Well, well…lookee what turned up in my front yard last night.

We’ve caught glimpses — or imagined we’ve caught glimpses — of badgers before, but this is the first one to turn up on the naturecam. And a big fat boy he was, too.

After a cooler than normal Summer, we’ve just had a few days of blazing heat. Well, blazing heat for England. And they call it Indian Summer too, poor dears, without knowing why (they think it has something to do with the Raj).

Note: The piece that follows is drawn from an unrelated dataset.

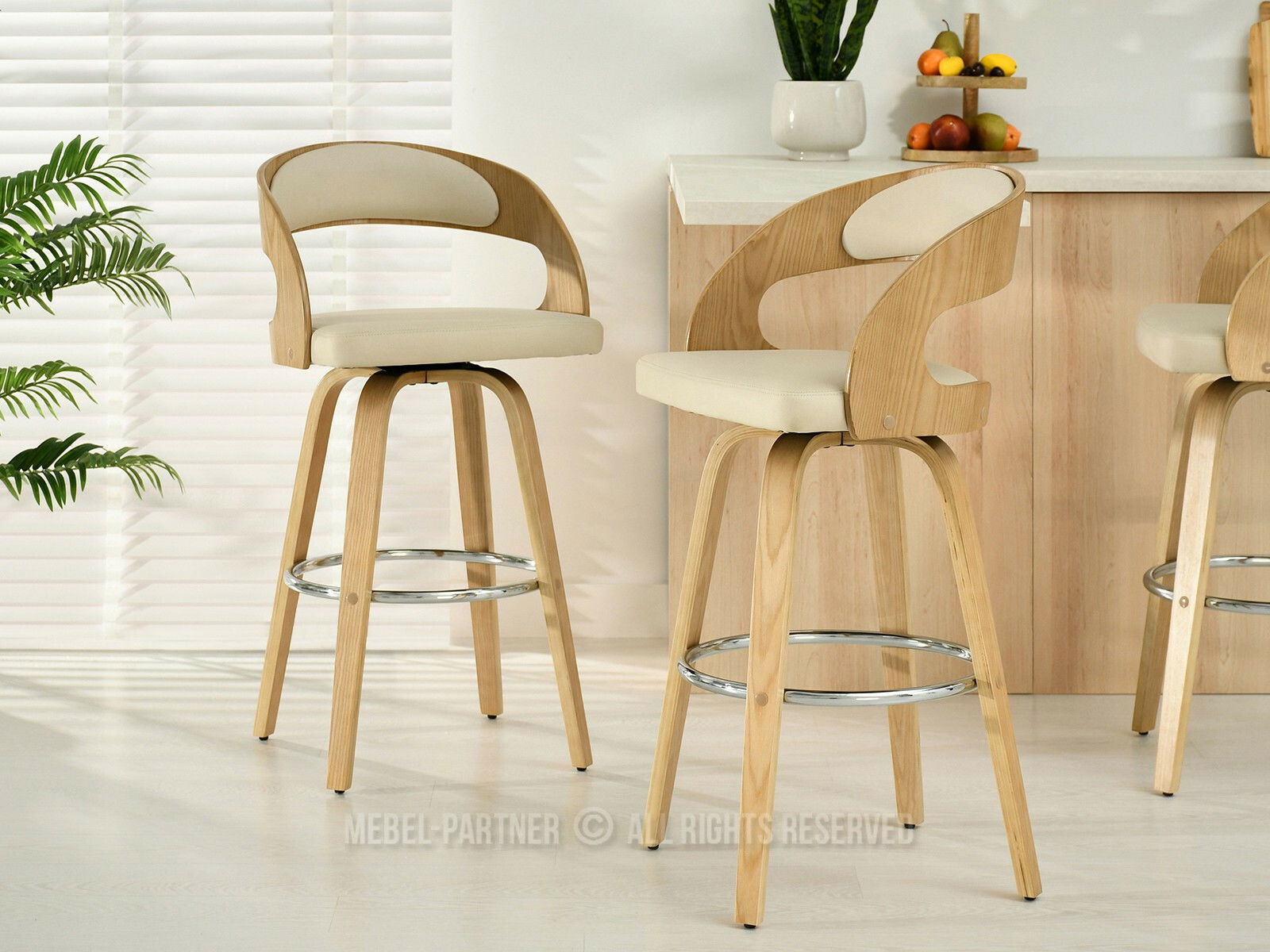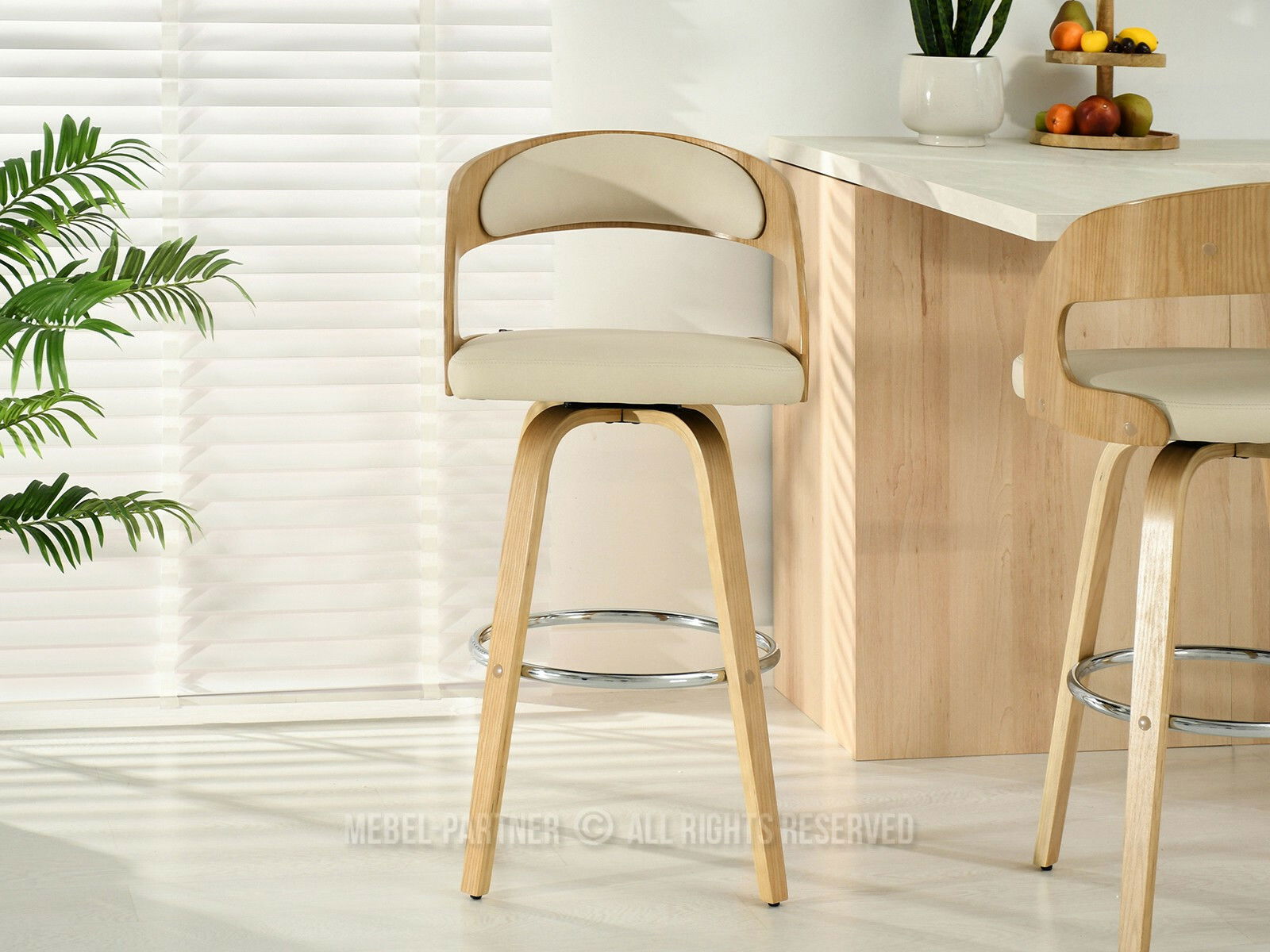Barová židle CH48 (krémová + dub)

But last night the spell broke, and the world remembered it’s October, the wind shifted, the cold blew in and — voilà — badger in the garden. There’s a sett about three quarters of a mile from here, but if he’s a bachelor, he may be setting up housekeeping nearby.

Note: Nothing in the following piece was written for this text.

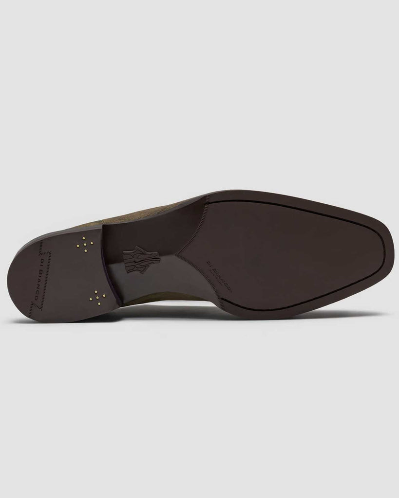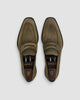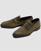 Vicenza commands attention through assertive modern design. This soft square penny loafer in corduroy nero oliva features angular keeper pitch, piping along collar and tongue, and distinctive slit penny hole creating a bold aesthetic. The nubuck-treated leather with powdery, velvety texture showcases olive base with gray-green clouding effects hand-burnished for lustrous depth. Built on the San Carlo last, this sophisticated statement piece delivers sexy Italian confidence without compromise. Made in Italy.
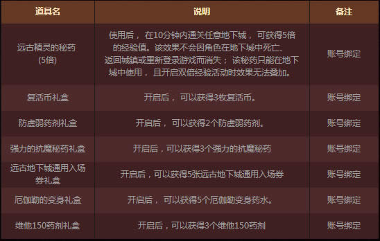 3.以上奖励均为账号绑定,且于2017年6月22日6:00更新维护后删除,请及时使用日签到活动以账号纬度进行亡者峡谷、周常地下城、黄龙/青龙/黑龙大会无法累计通关次数奖励以邮件形式提供,有效期15天

Oh, that’ll do wonders for Uncle B’s pansies.


Comment from Scubafreak
Time: October 4, 2011, 10:12 pm

I dunno, Stoatie. Does UB have a habit of going streaking when he drinks too much?

Reliving the college life, perhaps?..


Comment from ermine
Time: October 4, 2011, 11:13 pm

Has Uncle B won anything in the lotto? Sure to bring out the relations.
I’d sure like to see badgers in our neck o’ the woods. They are so uncommon here the dnr wants to know if anyone sees one.

Comment from Nina
Time: October 5, 2011, 12:57 am

If only badgers were as cute as they look. 🙂

Comment from guffaw
Time: October 5, 2011, 1:14 am

Badgers? We don’ need no stinking badgers!

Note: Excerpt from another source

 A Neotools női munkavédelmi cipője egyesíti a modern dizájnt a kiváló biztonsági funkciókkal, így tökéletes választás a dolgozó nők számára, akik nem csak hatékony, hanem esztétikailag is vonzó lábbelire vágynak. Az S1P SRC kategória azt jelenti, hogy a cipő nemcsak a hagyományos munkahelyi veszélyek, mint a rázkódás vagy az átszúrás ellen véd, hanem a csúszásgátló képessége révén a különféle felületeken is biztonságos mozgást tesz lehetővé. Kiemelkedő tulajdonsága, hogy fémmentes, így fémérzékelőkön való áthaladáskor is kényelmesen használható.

Comment from SCOTTtheBADGER
Time: October 5, 2011, 1:39 am

American Badgers ARE as cuddley as we look! Indeed, the standard unit of measure for lovabilty is the Badger, (B or b, divided into decibadgers, centibadgers, and millibadgers. Don’t they teach kids these things in school anymore?)

Golly, a chunky pb and raspberry jam sandwich using whole wheat toast does sound good on a cool Wisconsin October evening! I know that my European cousins are family group critters, rather than the monastic life we live here. That is why we live in “burrows”, rather than “setts”.

Comment from Randy Rager
Time: October 5, 2011, 1:41 am

Oh man, I scanned a bunch of Kodak EPP 5005 last week. FAR superior to anything they’re putting out now, with the exception of Ektar 100, maybe.

Had somewhat better color than Ektar, but the grain was bigger.

Comment from Mark T
Time: October 5, 2011, 4:08 am

I know foxes are boring now, what with the Chickens and all, but I must say–the past couple of nights out on walkies with Hoover here in urban London, we’ve seen two foxes–I think the vixen last night was a bit, um, girlfriendy, too. Hoover sure thought so. That one was right in somebody’s front walled garden–their cat fled like it was in flames. Is it the Season? Maybe BadgerBitz are acting up, too? Everybody sing: “Christmiss . . . is coming soon. Haaaaappy we will be.”

Comment from MIke C.
Time: October 5, 2011, 6:33 am

Truth be told, I don’t believe badgers are native to Virginia. Perhaps at one time they were – we used to have wolves and elk, after all. Even had mastodons, although that was slightly before my time.

Comment from S. Weasel
Time: October 5, 2011, 9:36 am

Oh, there’s a fox out there EVERY night, Mark T. Some nights, she (I’ve got it in my head it’s a vixen) crawls all over the chicken house. My poor traumatized chickens.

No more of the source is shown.